» DATASET EXTRACT:
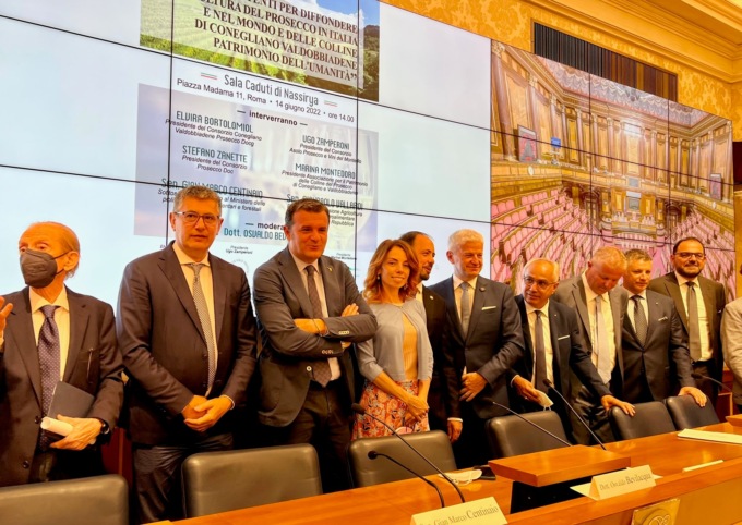 Un’occasione che ha visto riunirsi nella sala Caduti di Nassirya del Senato della Repubblica tutto il ‘sistema Paese’ compatto, dal Sottosegretario alle Politiche Agricole Alimentari e Forestali, Sen. Gian Marco Centinaio al Direttore Generale del Mipaaf, Giuseppe Ambrosio, fino ai principali rappresentanti dei Consorzi di Tutela del Prosecco: Elvira Bortolomiol, presidente del Consorzio Conegliano Valdobbiadene DOCG, Luca Giavi, Direttore generale del Consorzio di tutela Prosecco DOC e Ugo Zamperoni, presidente del Consorzio Asolo Prosecco e Vini del Montello. Moderato dal giornalista Osvaldo Bevilacqua, l’incontro è stato l’occasione per ribadire in modo chiaro la netta contrarietà verso la richiesta della Croazia di far riconoscere la menzione Prosek come legittima, e la forte volontà di tutelare l’eccellenza tutta italiana del Prosecco e delle Colline Patrimonio dell’Umanità.
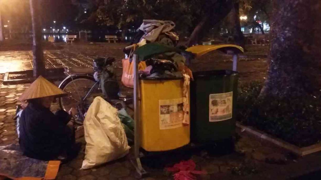 23h15 mưa ngớt, hành trình của chúng tôi lại tiếp tục. Dưới mái hiên cách bệnh viện không xa là một đứa trẻ chừng 6 tuổi ngồi bệt co ro, bên cạnh là bé nhỏ hơn đang say ngủ trên tay mẹ. Tôi hỏi cháu có đang mệt không, mấy mẹ con đi chữa bệnh hay sao? Chị bảo không, cháu ngủ thôi, em làm nghề nhặt rác, bình thường 3 mẹ con thuê trọ cùng nhiều người ngoài bờ sông nhưng Tết mọi người về quê hết, em thì chả đi làm được mà thuê phòng không có người chung cũng đắt, để tiết kiệm chị dắt 2 con ra đường tá túc vài hôm đợi nhóm thuê trọ trở lại thuê cùng, tiện cũng đi nhặt rác luôn.
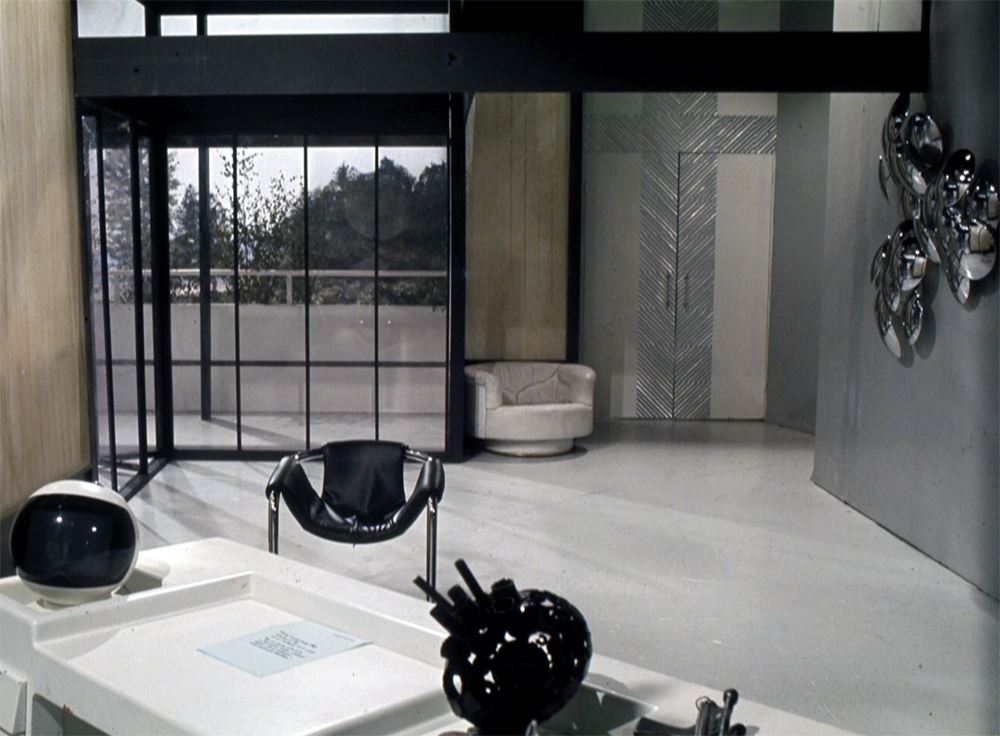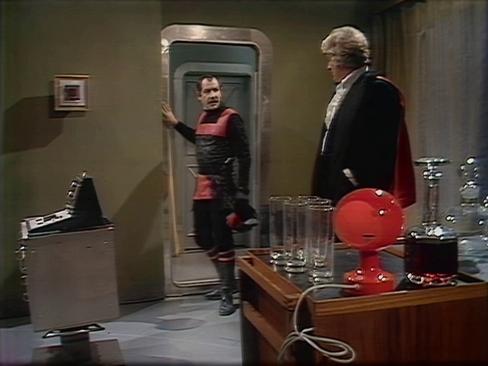 Back to Pertwee’s second season, and in ‘Colony in Space’, we have this ‘Astronaut’ glass lamp by Michael Bang for Holmegaard, Denmark 1967. One of Bang’s challenges was to steer lighting production in a more artistic direction. Looking at how the lamp stands out in the drabness of the IMC ship, I think he was successful!
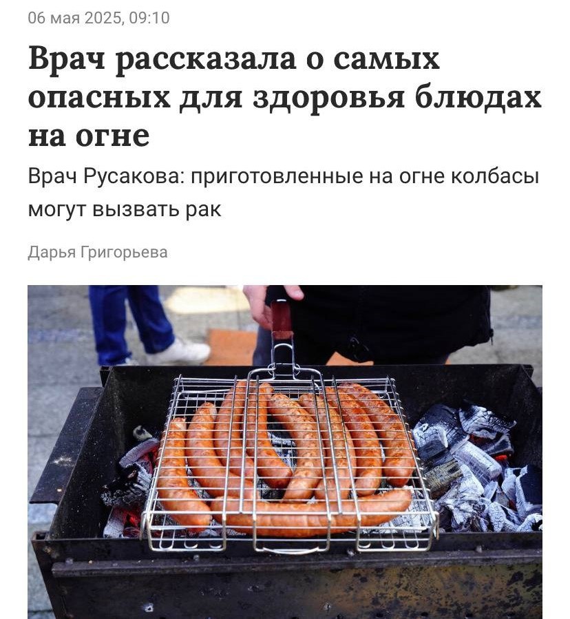 Представьте: ароматный дым, сочное мясо, хрустящая корочка… Но что, если ваш любимый шашлык медленно разрушает здоровье? Самые опасные блюда на огне Диетолог Дарья Русакова предупреждает: **колбаски, сардельки и маринованное мясо на кости** – главные враги вашего организма. Почему? -Жир + огонь = канцерогены 🔥➡️☠️ При жарке жир окисляется, образуя вещества, провоцирующие рак. - Пережаренное мясо = бомба замедленного действия Чем сильнее зажарили – тем больше вредных соединений. - Маринад-убийца: соль + сахар + майонез = отёки, скачки давления и удар по почкам. Как жарить мясо без вреда? ✅ Выбирайте нежирную говядину, индейку или курицу. ✅ Готовьте на слабом огне – без углей «до углей». ✅ Откажитесь от магазинных маринадов – меньше соли, больше зелени и лимонного сока. А что, если вообще отказаться от мяса? Диетолог Нурия Дианова предлагает растительные аналоги – они такие же вкусные, но в разы безопаснее. 💡 Помните: недавно ученые назвали продукт, повы

» INSTRUCTIONS TO FOLLOW:
Using the listing above, copy exactly the lines from the one that contains "Back to Pertwee’s" through its last line, both included, but not the pictures.

» RESULT OF THE TASK:
 Back to Pertwee’s second season, and in ‘Colony in Space’, we have this ‘Astronaut’ glass lamp by Michael Bang for Holmegaard, Denmark 1967. One of Bang’s challenges was to steer lighting production in a more artistic direction. Looking at how the lamp stands out in the drabness of the IMC ship, I think he was successful!
 Представьте: ароматный дым, сочное мясо, хрустящая корочка… Но что, если ваш любимый шашлык медленно разрушает здоровье? Самые опасные блюда на огне Диетолог Дарья Русакова предупреждает: **колбаски, сардельки и маринованное мясо на кости** – главные враги вашего организма. Почему? -Жир + огонь = канцерогены 🔥➡️☠️ При жарке жир окисляется, образуя вещества, провоцирующие рак. - Пережаренное мясо = бомба замедленного действия Чем сильнее зажарили – тем больше вредных соединений. - Маринад-убийца: соль + сахар + майонез = отёки, скачки давления и удар по почкам. Как жарить мясо без вреда? ✅ Выбирайте нежирную говядину, индейку или курицу. ✅ Готовьте на слабом огне – без углей «до углей». ✅ Откажитесь от магазинных маринадов – меньше соли, больше зелени и лимонного сока. А что, если вообще отказаться от мяса? Диетолог Нурия Дианова предлагает растительные аналоги – они такие же вкусные, но в разы безопаснее. 💡 Помните: недавно ученые назвали продукт, повы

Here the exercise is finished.